▶ Material for this exercise

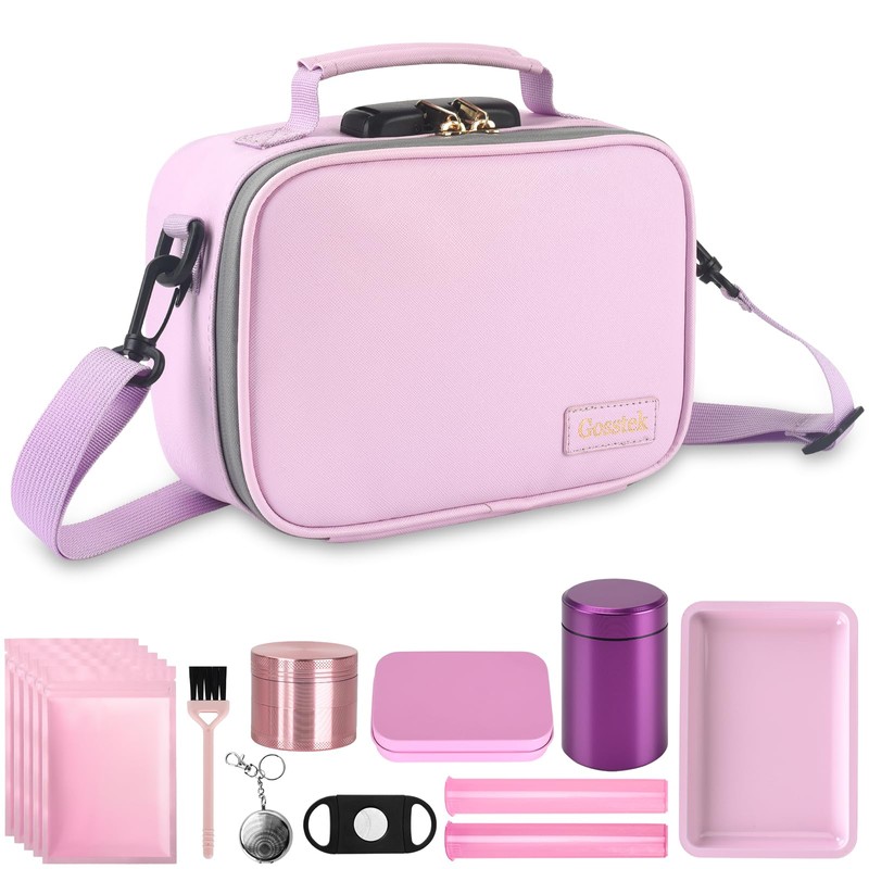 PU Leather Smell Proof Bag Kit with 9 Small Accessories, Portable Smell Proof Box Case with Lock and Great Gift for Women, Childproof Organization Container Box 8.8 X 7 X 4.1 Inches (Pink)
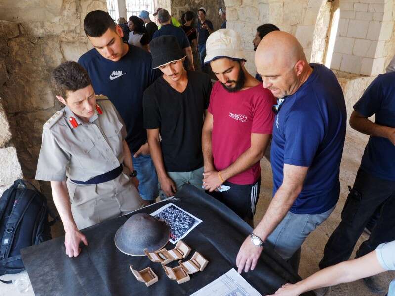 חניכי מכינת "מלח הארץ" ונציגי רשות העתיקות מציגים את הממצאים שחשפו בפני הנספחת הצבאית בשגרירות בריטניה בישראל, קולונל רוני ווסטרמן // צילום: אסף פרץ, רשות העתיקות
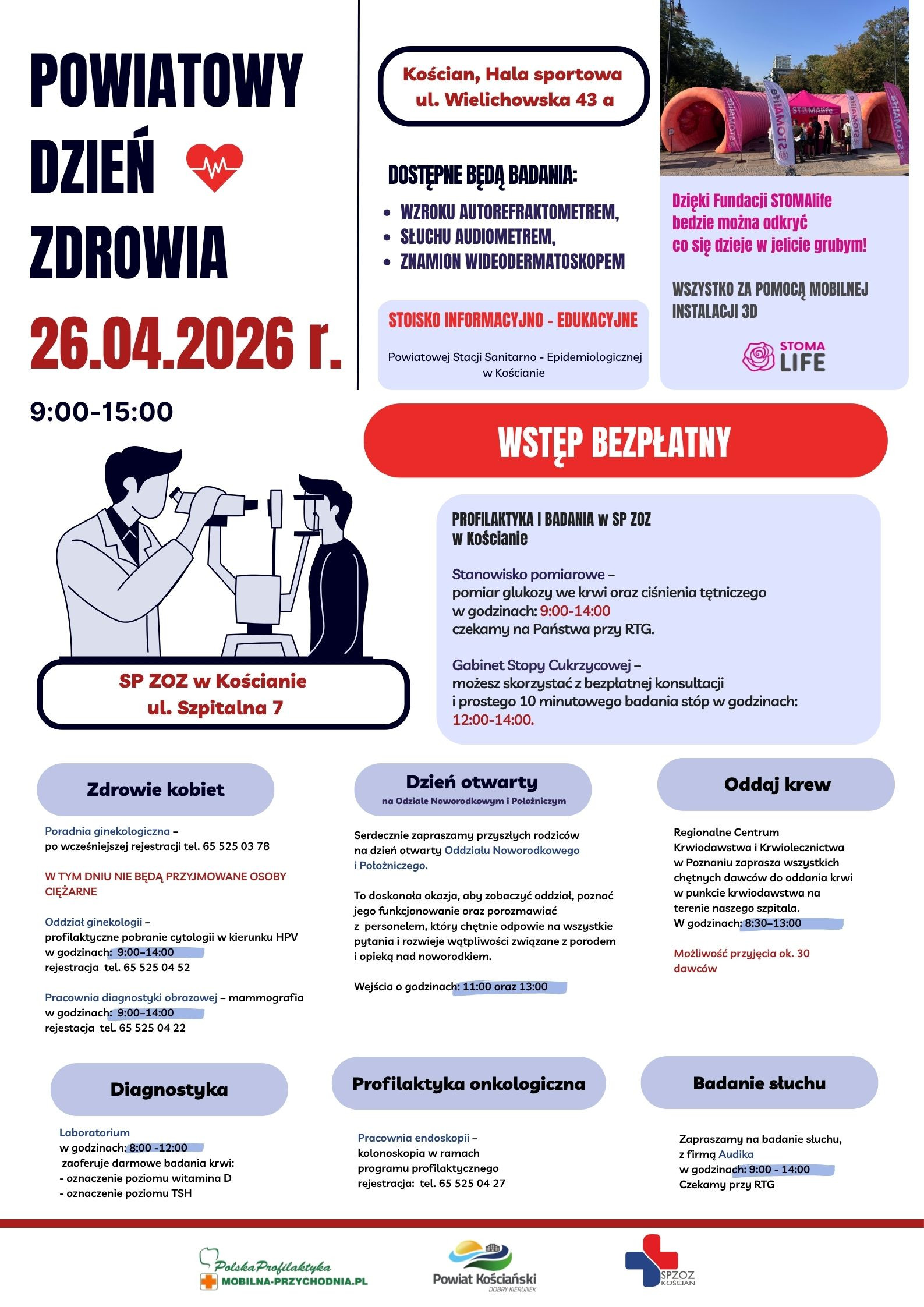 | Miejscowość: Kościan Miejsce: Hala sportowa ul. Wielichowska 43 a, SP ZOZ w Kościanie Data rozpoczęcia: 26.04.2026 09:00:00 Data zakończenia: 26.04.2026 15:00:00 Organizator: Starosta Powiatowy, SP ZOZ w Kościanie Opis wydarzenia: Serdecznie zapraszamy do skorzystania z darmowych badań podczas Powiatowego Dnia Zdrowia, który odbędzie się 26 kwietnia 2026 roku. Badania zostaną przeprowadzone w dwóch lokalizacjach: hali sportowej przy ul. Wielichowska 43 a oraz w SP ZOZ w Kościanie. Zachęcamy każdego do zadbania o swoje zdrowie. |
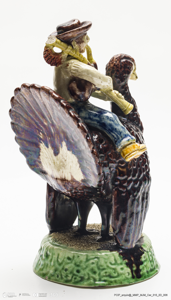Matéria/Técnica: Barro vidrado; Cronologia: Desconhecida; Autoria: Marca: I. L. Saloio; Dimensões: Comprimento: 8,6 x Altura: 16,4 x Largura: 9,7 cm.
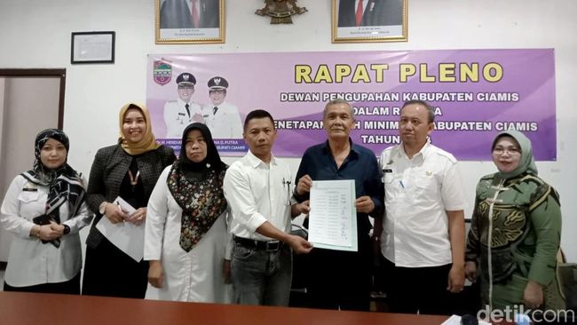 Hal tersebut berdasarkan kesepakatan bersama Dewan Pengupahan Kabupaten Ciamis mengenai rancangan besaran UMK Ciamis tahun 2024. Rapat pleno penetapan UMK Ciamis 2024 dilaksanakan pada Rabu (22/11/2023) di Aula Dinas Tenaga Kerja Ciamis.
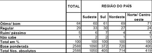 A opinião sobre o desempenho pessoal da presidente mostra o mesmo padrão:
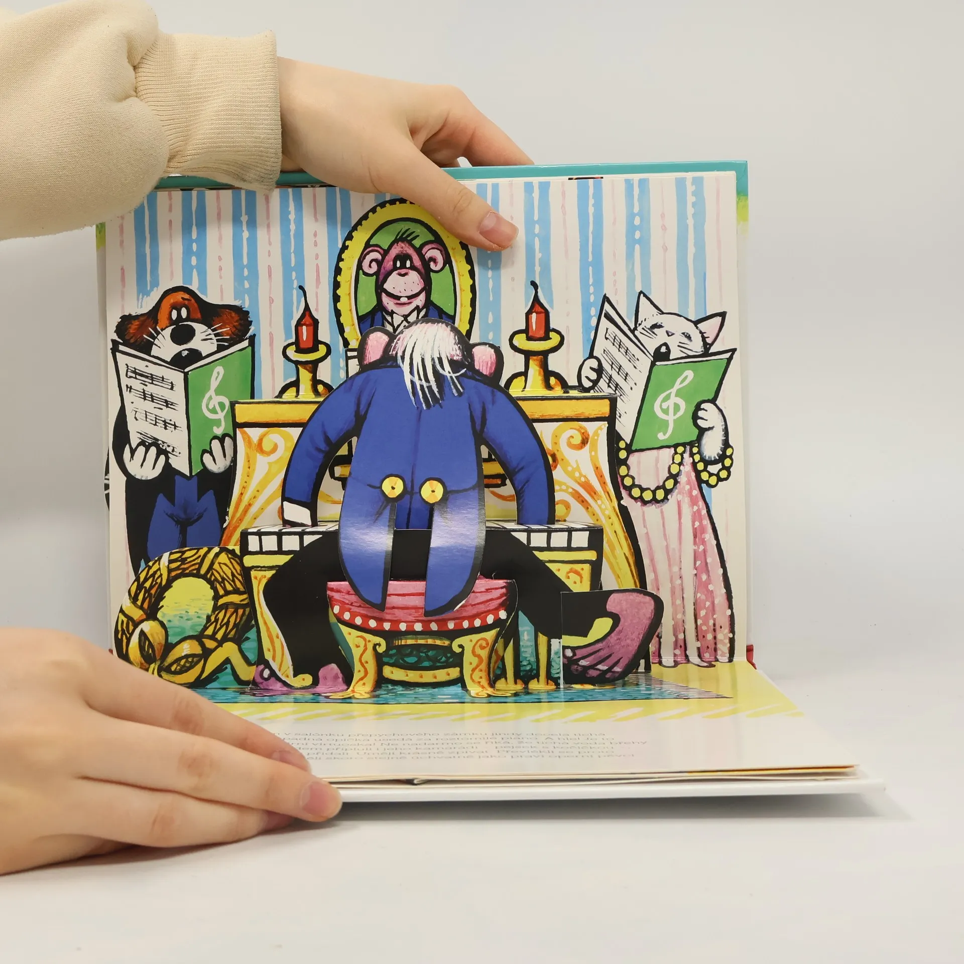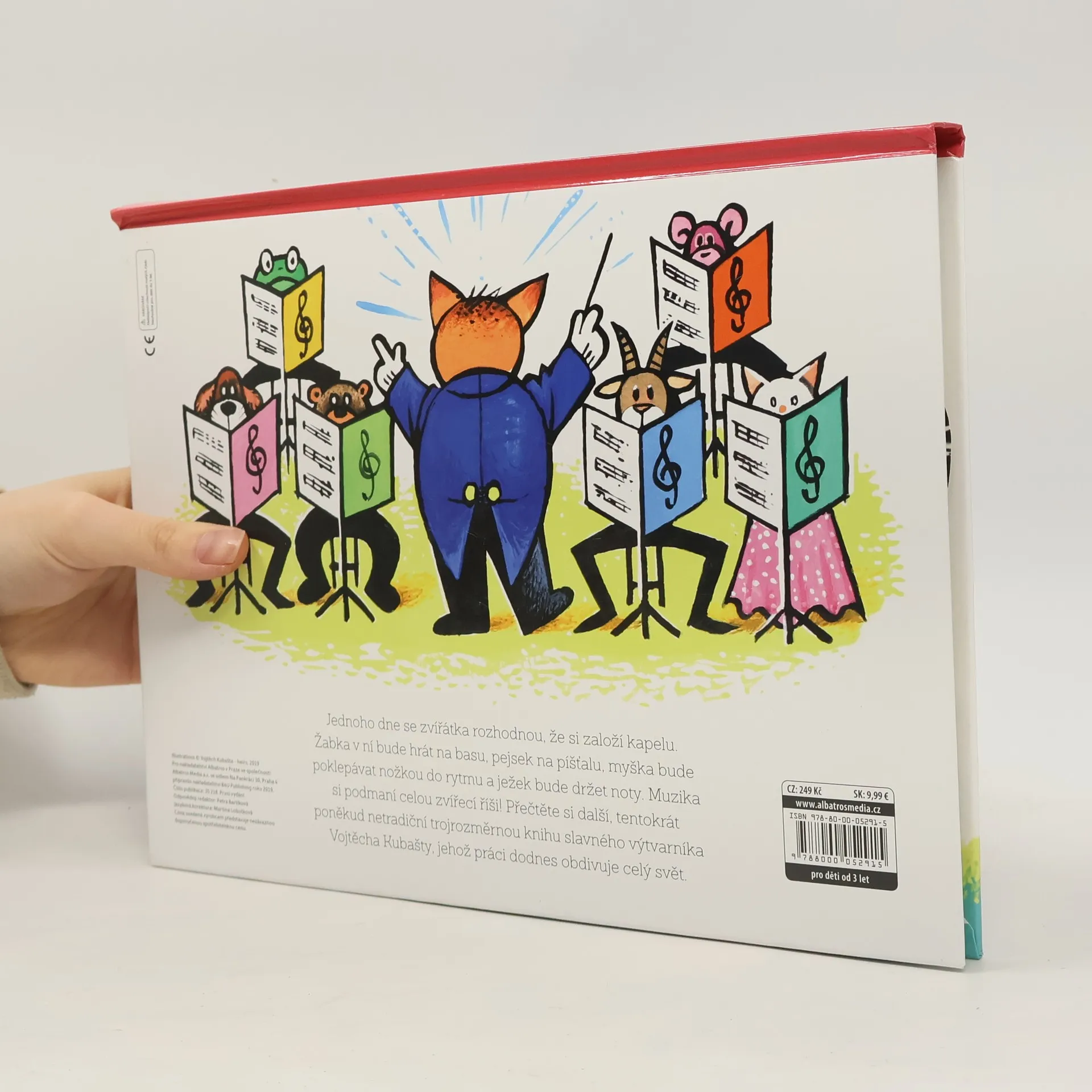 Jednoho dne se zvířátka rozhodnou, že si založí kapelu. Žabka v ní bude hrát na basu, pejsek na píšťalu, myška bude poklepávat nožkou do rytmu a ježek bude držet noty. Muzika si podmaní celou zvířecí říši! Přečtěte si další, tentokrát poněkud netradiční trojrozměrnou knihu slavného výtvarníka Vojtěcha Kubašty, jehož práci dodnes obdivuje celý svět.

▶ Task to carry out
Without the pictures, repeat every line of the material above exactly.

▶ Response
 PU Leather Smell Proof Bag Kit with 9 Small Accessories, Portable Smell Proof Box Case with Lock and Great Gift for Women, Childproof Organization Container Box 8.8 X 7 X 4.1 Inches (Pink)
 חניכי מכינת "מלח הארץ" ונציגי רשות העתיקות מציגים את הממצאים שחשפו בפני הנספחת הצבאית בשגרירות בריטניה בישראל, קולונל רוני ווסטרמן // צילום: אסף פרץ, רשות העתיקות
 | Miejscowość: Kościan Miejsce: Hala sportowa ul. Wielichowska 43 a, SP ZOZ w Kościanie Data rozpoczęcia: 26.04.2026 09:00:00 Data zakończenia: 26.04.2026 15:00:00 Organizator: Starosta Powiatowy, SP ZOZ w Kościanie Opis wydarzenia: Serdecznie zapraszamy do skorzystania z darmowych badań podczas Powiatowego Dnia Zdrowia, który odbędzie się 26 kwietnia 2026 roku. Badania zostaną przeprowadzone w dwóch lokalizacjach: hali sportowej przy ul. Wielichowska 43 a oraz w SP ZOZ w Kościanie. Zachęcamy każdego do zadbania o swoje zdrowie. |
Matéria/Técnica: Barro vidrado; Cronologia: Desconhecida; Autoria: Marca: I. L. Saloio; Dimensões: Comprimento: 8,6 x Altura: 16,4 x Largura: 9,7 cm.
 Hal tersebut berdasarkan kesepakatan bersama Dewan Pengupahan Kabupaten Ciamis mengenai rancangan besaran UMK Ciamis tahun 2024. Rapat pleno penetapan UMK Ciamis 2024 dilaksanakan pada Rabu (22/11/2023) di Aula Dinas Tenaga Kerja Ciamis.
 A opinião sobre o desempenho pessoal da presidente mostra o mesmo padrão:
 Jednoho dne se zvířátka rozhodnou, že si založí kapelu. Žabka v ní bude hrát na basu, pejsek na píšťalu, myška bude poklepávat nožkou do rytmu a ježek bude držet noty. Muzika si podmaní celou zvířecí říši! Přečtěte si další, tentokrát poněkud netradiční trojrozměrnou knihu slavného výtvarníka Vojtěcha Kubašty, jehož práci dodnes obdivuje celý svět.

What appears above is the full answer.